ACTIVITY —
Word for word, restate the lines from the one holding "Худи с карманом" through the last line of the material below, and leave every picture out.

DATA PROVIDED —
BEGIN

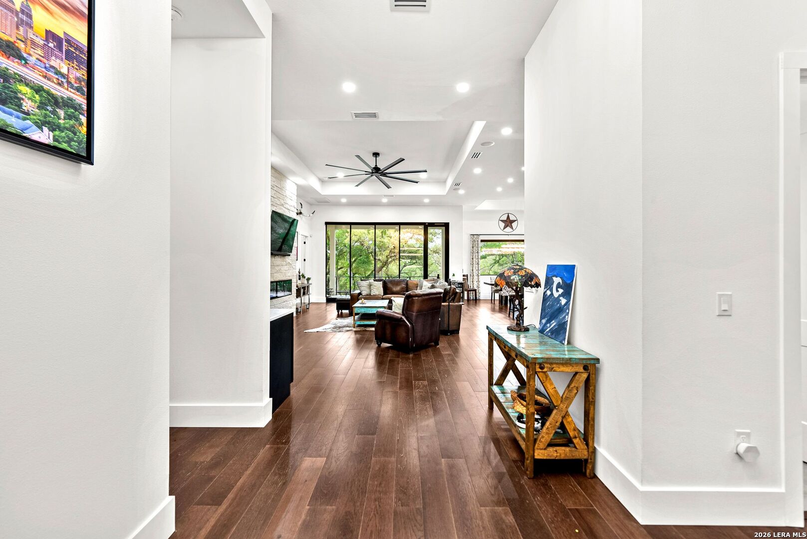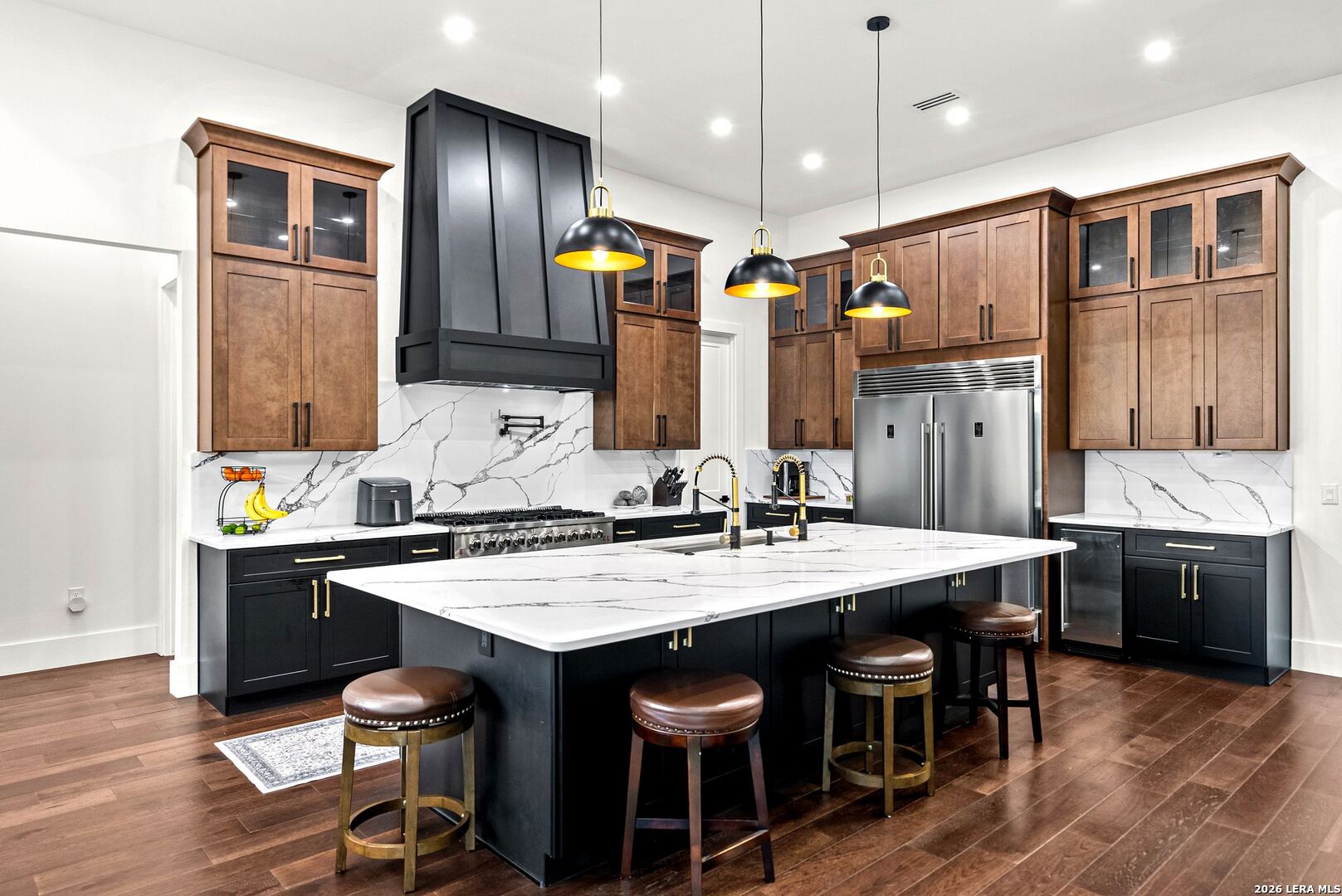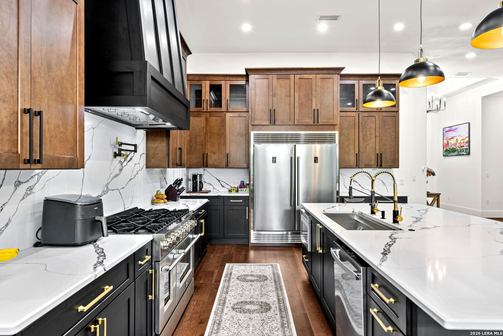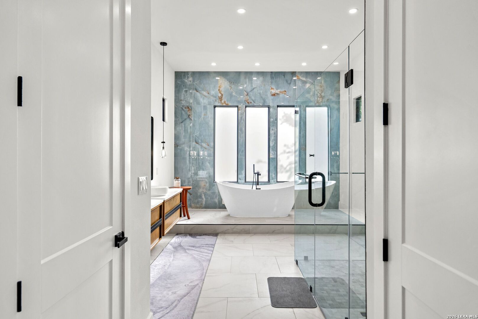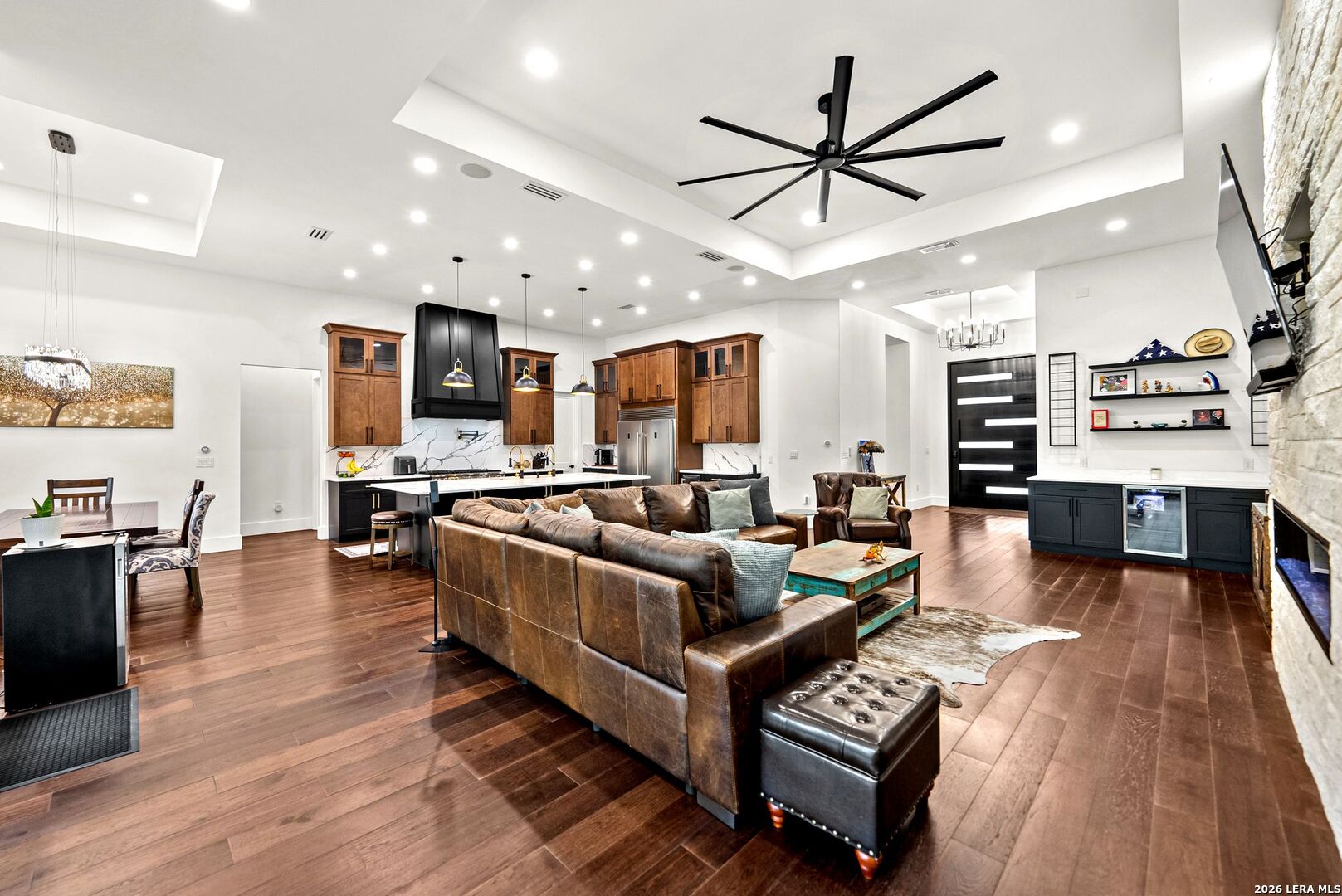 From the moment you arrive, this exceptional and luxury home makes a statement. Experience elevated living in this stunning 2024-built estate nestled in the prestigious Rolling Oaks Estates. Showcasing breathtaking modern curb appeal and a grand circular driveway, this exquisite one-story home spans 3,654 square feet on a serene 1.5-acre cul-de-sac lot, backing to a lush greenbelt for ultimate privacy and tranquility. Designed with an expansive open floor plan, the home features 4 oversized bedrooms, each with its own ensuite bath along with 4 full and 2 half bathrooms, offering unparalleled comfort and sophistication. Every detail has been thoughtfully curated, from designer-selected finishes to striking custom architectural elements, creating a true luxury showcase. Expansive picture windows flood the home with natural light, seamlessly blending indoor and outdoor living. The gourmet kitchen is truly a chef's dream, featuring professional-grade appliances, a propane range, quartz countertops, and custom two-tone cabinetry. The primary suite offers a private retreat with a spa-inspired luxurious bathroom, complete with a freestanding soaking tub, walk-in shower, and an expansive custom closet with dual vanity areas. Step outside to your private oasis featuring a breathtaking, sparkling diving pool, luxurious hot tub- ideal for a relaxing evening, alongside a fully equipped outdoor kitchen, oversized patio, and professionally landscaped grounds with a sprinkler system.. Additional upgrades include foam insulation and countless premium and high quality features all with the added benefit of no city taxes. This ideal location offers homeowners a perfect balance of tranquility and convenience. With easy access to Highway 1604 and 211, this home offers multiple commute options and the convenience of being close to HEB, Costco, Flix Brewhouse, Lackland AFB and so much more. Don't miss your opportunity to make this your new home in the beautiful state of Texas.
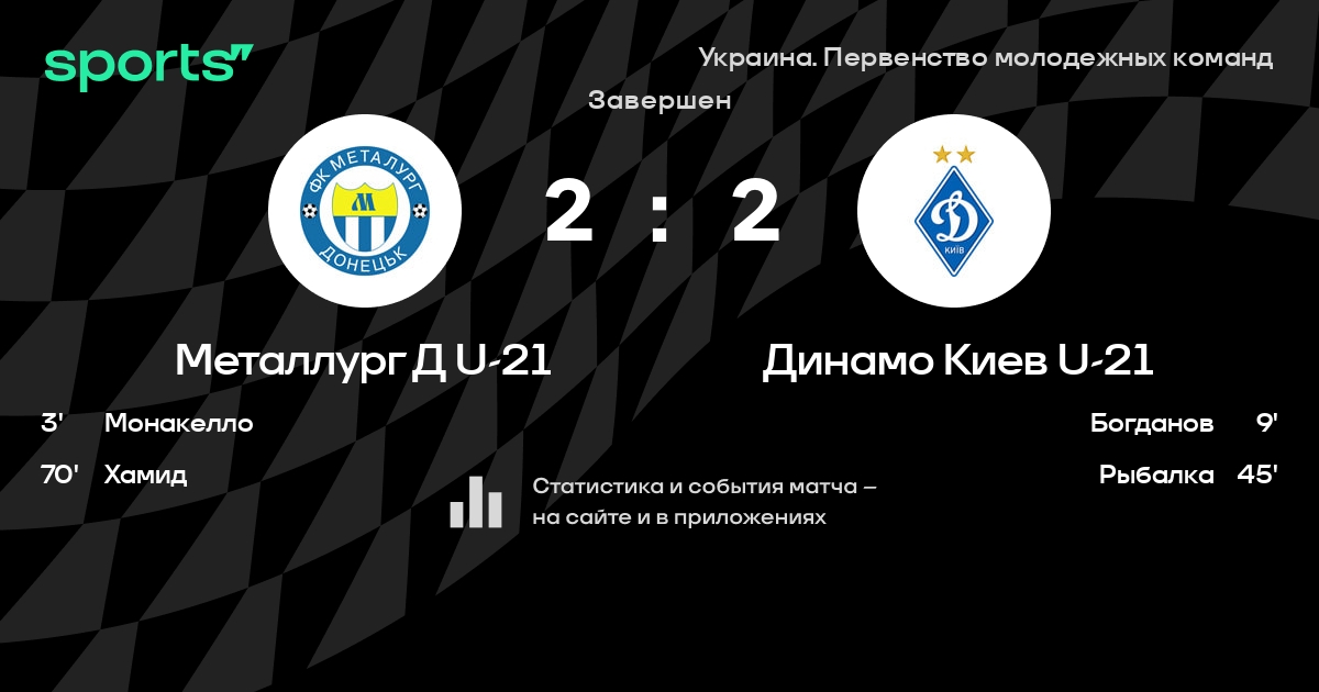 Металлург Д U-21 - Динамо Киев U-21: статистика матча
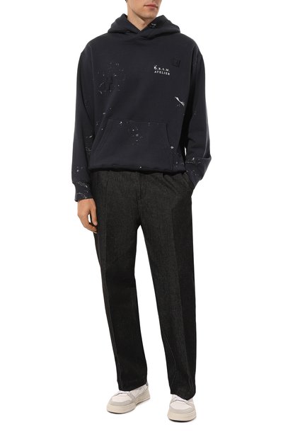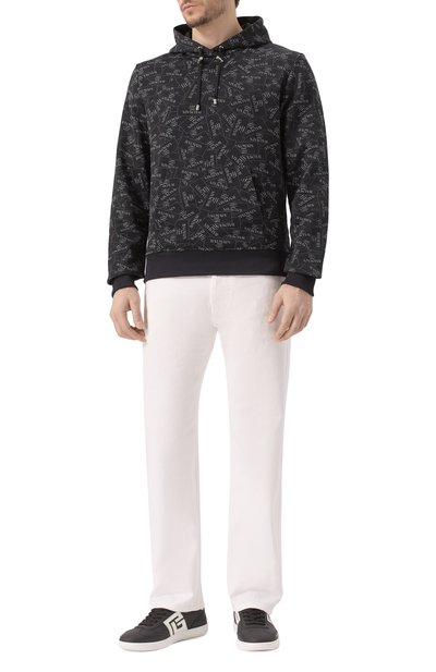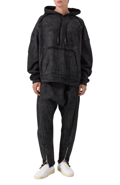 Худи с карманом «кенгуру» сшили из шерстяного трикотажа с объемным леопардовым узором. Эластичную модель дополнили манжетами и широким поясом в рубчик.
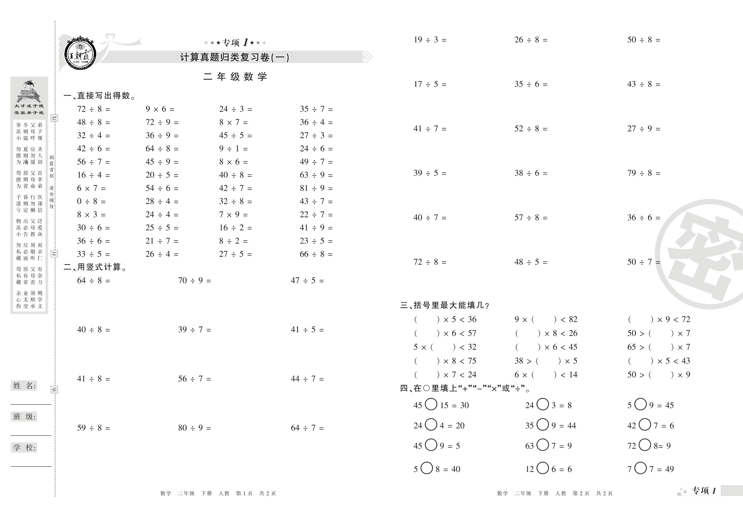 二年级数学人教版下册专项卷

END

ANSWER SECTION —
 Худи с карманом «кенгуру» сшили из шерстяного трикотажа с объемным леопардовым узором. Эластичную модель дополнили манжетами и широким поясом в рубчик.
 二年级数学人教版下册专项卷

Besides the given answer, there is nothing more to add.